The estimates do not appear far-fetched, assuming a few basis points of net interest margin expansion, expense control, and low credit costs. Some bugaboos remain, though. NIMs remain subject to intense loan yield competition and refinancing activity among loans originated in 2023, 2024, and early 2025. Credit issues remain a concern, as occurred in the third quarter of 2025 when several banks experienced large credit losses caused by alleged borrower fraud. Third, government policy remains somewhat unpredictable, with the recently floated credit card interest rate cap as an example.

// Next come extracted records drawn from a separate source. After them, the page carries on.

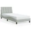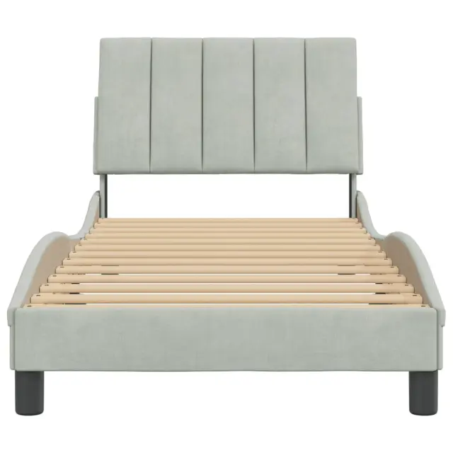 Zagotovite si boljši spanec s tem posteljnim okvirjem z vzglavjem! Je prijeten dodatek za vsako spalnico. Mehak žamet: Žamet je mehka in udobna tkanina, ki je prijetna do kože.Letvice iz vezanega lesa: Letvice iz vezanega lesa omogočajo dobro porazdelitev teže in zagotavljajo, da vzmetnica ostane na mestu ob vsakem zasuku in obračanju med spanjem.Odlična podpora: Vzglavna stranica je napolnjena s peno za izjemno mehkobo in optimalno udobje ter zagotavlja odlično podporo hrbtu, ko sedite v postelji in berete ali gledate televizijo.Priročna zasnova: Vzglavna stranica ima zadrgo za preprosto namestitev, pripenjala na zadnji strani pa se lahko uporabijo za pritrditev LED lučk.Valovita stranica: Valoviti videz posteljnega okvirja je eleganten in prefinjen. Dekorju v vašem domu dodaja sodoben in eleganten pridih ter tako postane osrednja točka spalnice. Dobro je vedeti:Vzmetnica ni priložena tej postelji. Ponujamo različno izbiro ležišč. V naši trgovini si lahko ogledate ustrezne vzmetnice.Posteljni okvir z vzglavjem:Barva: Svetlo sivaMaterial: Žamet (100 % poliester), kovina, trdna borovina, vezan les, inženirski lesCelotne dimenzije: 218 x 95 x 74,5 cm (D x Š x V)Velikost primerne vzmetnice: 90 x 200 cm (Š x D) (vzmetnica ni priložena)Oblazinjeno vzglavje:Barva: Svetlo sivaMaterial: Žamet (100 % poliester)Material polnila: PenaDimenzije: 90 x 3 x 45 cm (D x Š x V)Primerna širina vzmetnice: 90 cmPotrebno sestavljanje: DaPaket vsebuje:1 x Posteljni okvir z vzglavjem1 x Oblazinjeno vzglavje
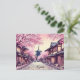 Experience the enchanting beauty of Kyoto, Japan, in full bloom with this delicate watercolor painting postcard of cherry blossoms and rose trees.
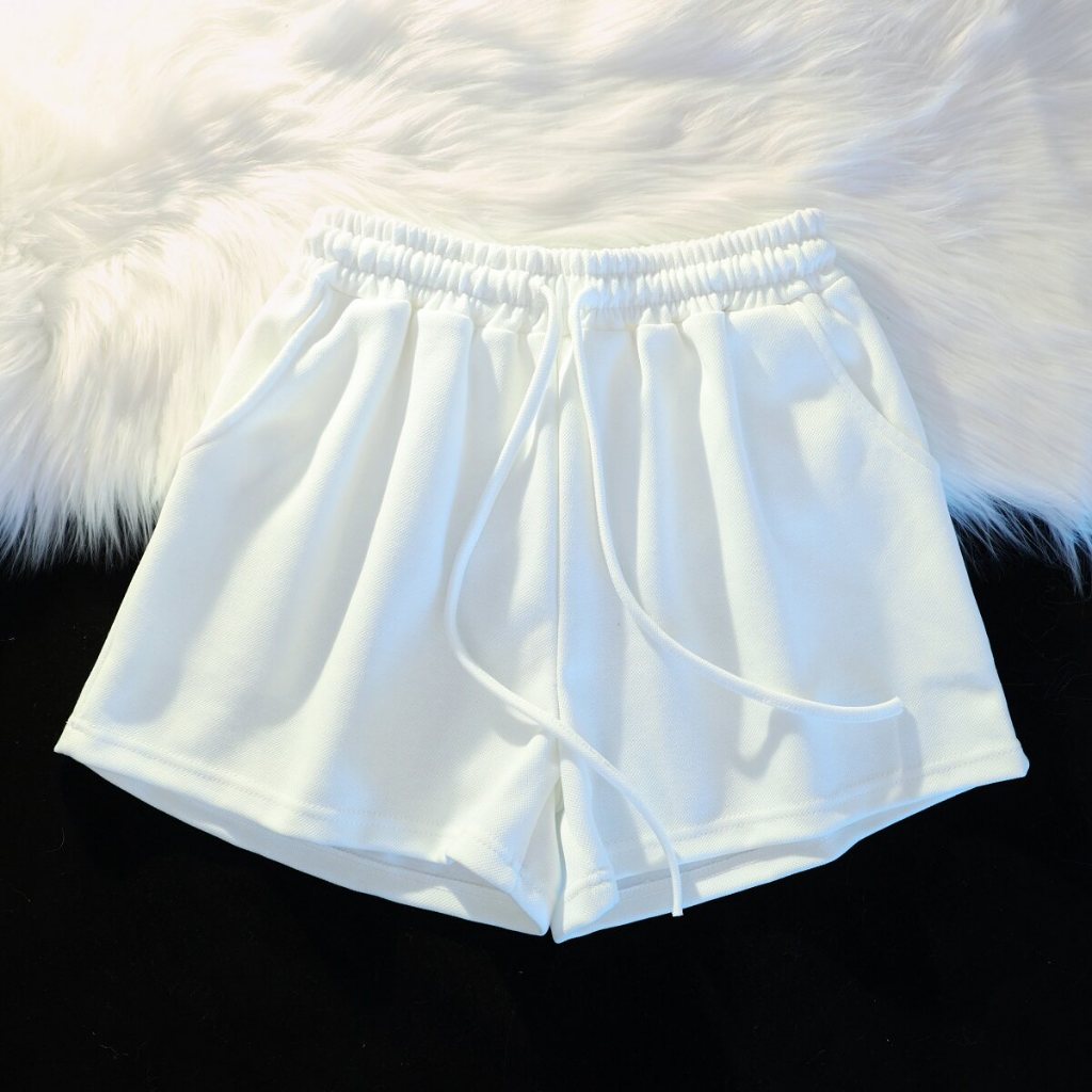 cherryshop พร้อมส่ง กางเกงขาสั้นกีฬาขากว้างสไตล์เกาหลีสำหรับผู้หญิง ทรงหลวม เอวยางยืดมีเชือกผูก เนื้อผ้าบางใส่สบาย
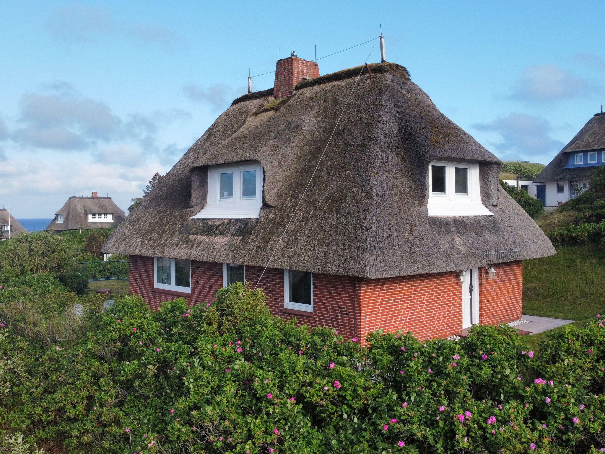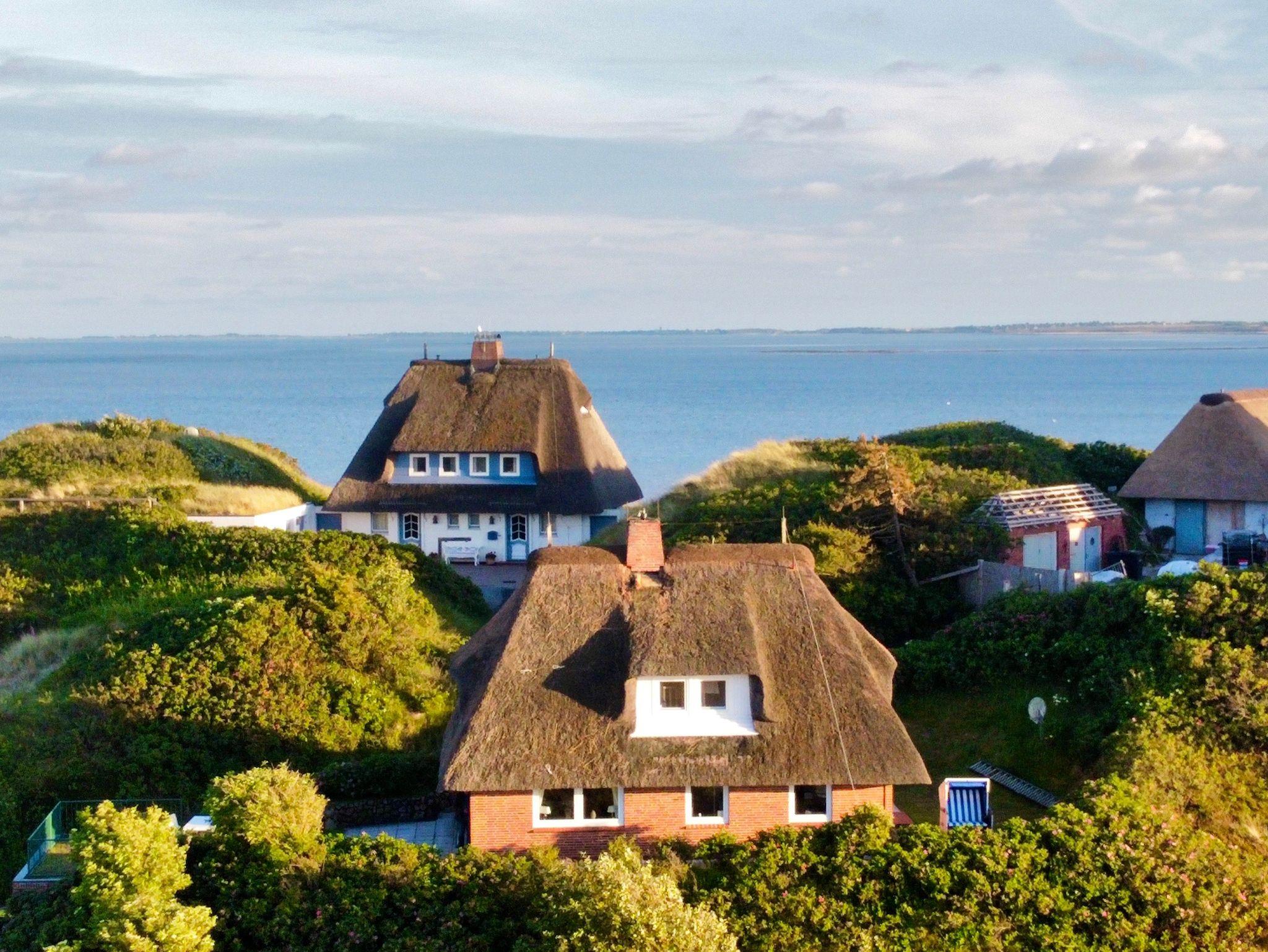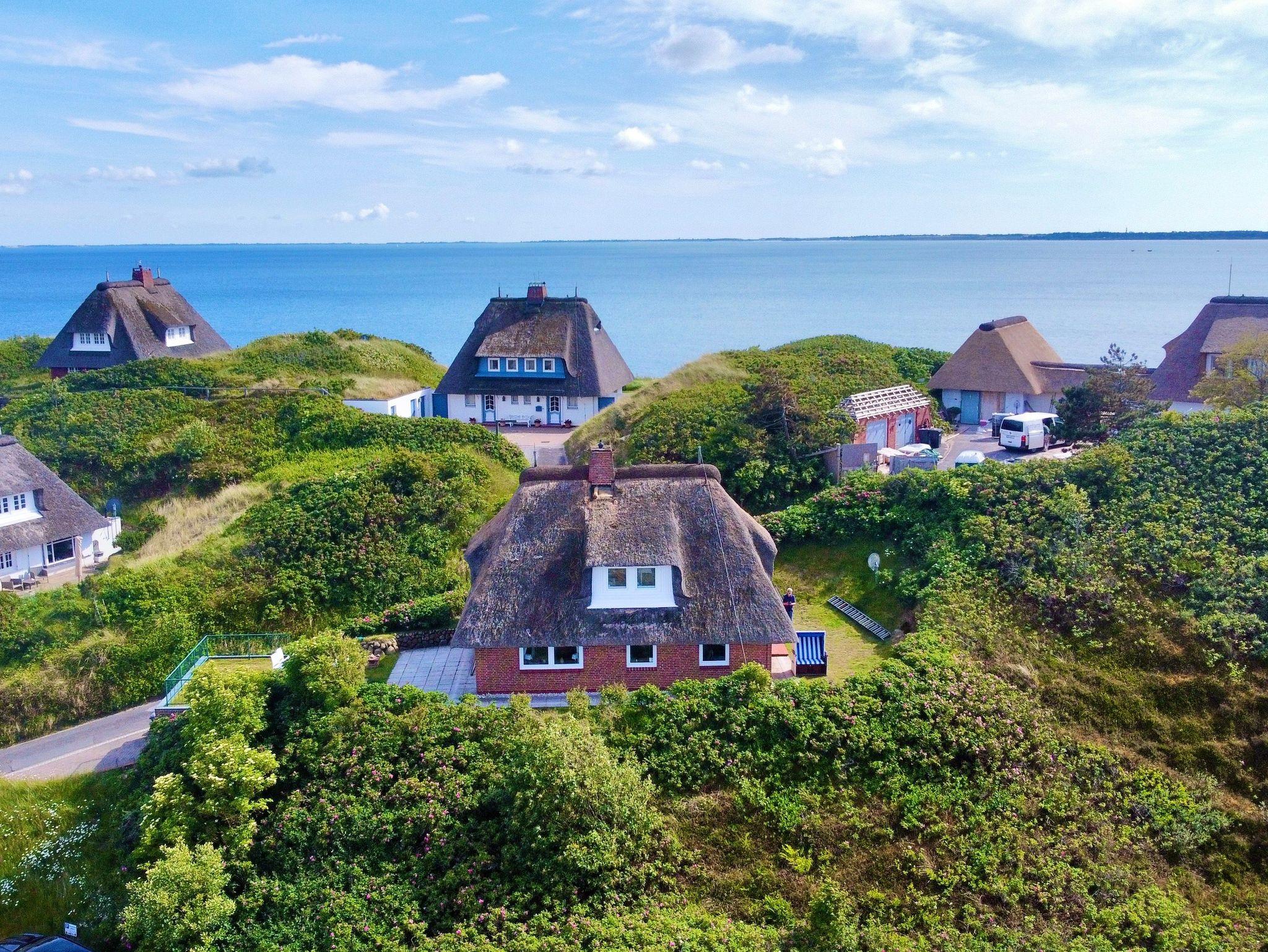 Ruhiges Reetdachhaus mit Meerblick, nahe Lister Oststrand auf Sylt, perfekt für erholsame Ferien zu viert.

Figure 7 illustrates historical price/one-year forward earnings and price/tangible book value multiples. The median P/E multiple was 9.6x at year-end 2025, which is below the long-term average. This indicates some disconnect between analyst EPS estimates and earnings discounted by the market into banks’ share valuations.
Figure 7

Conclusion
Banks cannot directly control the price/earnings multiples assigned by the market, which are a function of growth expectations and the market’s risk assessment. Generating consistent earnings and tangible book value growth while keeping risk in check offer the best way to ensure the market eventually rewards banks for their performance.
BankWatch has never selected a Bank of the Year. If we did, however, our award would go to Capital One Financial Corporation. It achieved share price appreciation of [drumroll] 67% between 2021 and 2025.